What Makes Good Contrastive Learning on Small-Scale Wearable-based
Tasks?
- URL: http://arxiv.org/abs/2202.05998v1
- Date: Sat, 12 Feb 2022 06:10:15 GMT
- Title: What Makes Good Contrastive Learning on Small-Scale Wearable-based
Tasks?
- Authors: Hangwei Qian, Tian Tian, Chunyan Miao
- Abstract summary: We study contrastive learning on the wearable-based activity recognition task.
This paper presents an open-source PyTorch library textttCL-HAR, which can serve as a practical tool for researchers.
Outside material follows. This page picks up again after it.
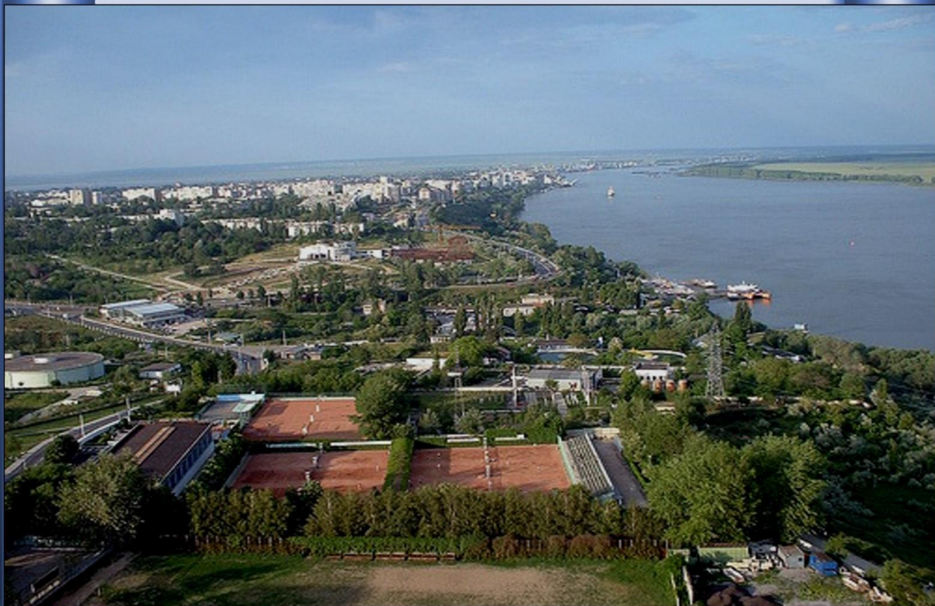
Em Galati na Roménia, o último país que “visita”

- Score: 59.51457877578138
- License: http://creativecommons.org/licenses/by-nc-sa/4.0/
- Abstract: Self-supervised learning establishes a new paradigm of learning
representations with much fewer or even no label annotations. Recently there
has been remarkable progress on large-scale contrastive learning models which
require substantial computing resources, yet such models are not practically
optimal for small-scale tasks. To fill the gap, we aim to study contrastive
learning on the wearable-based activity recognition task. Specifically, we
conduct an in-depth study of contrastive learning from both algorithmic-level
and task-level perspectives. For algorithmic-level analysis, we decompose
contrastive models into several key components and conduct rigorous
experimental evaluations to better understand the efficacy and rationale behind
contrastive learning. More importantly, for task-level analysis, we show that
the wearable-based signals bring unique challenges and opportunities to
existing contrastive models, which cannot be readily solved by existing
algorithms. Our thorough empirical studies suggest important practices and shed
light on future research challenges. In the meantime, this paper presents an
open-source PyTorch library \texttt{CL-HAR}, which can serve as a practical
tool for researchers. The library is highly modularized and easy to use, which
opens up avenues for exploring novel contrastive models quickly in the future.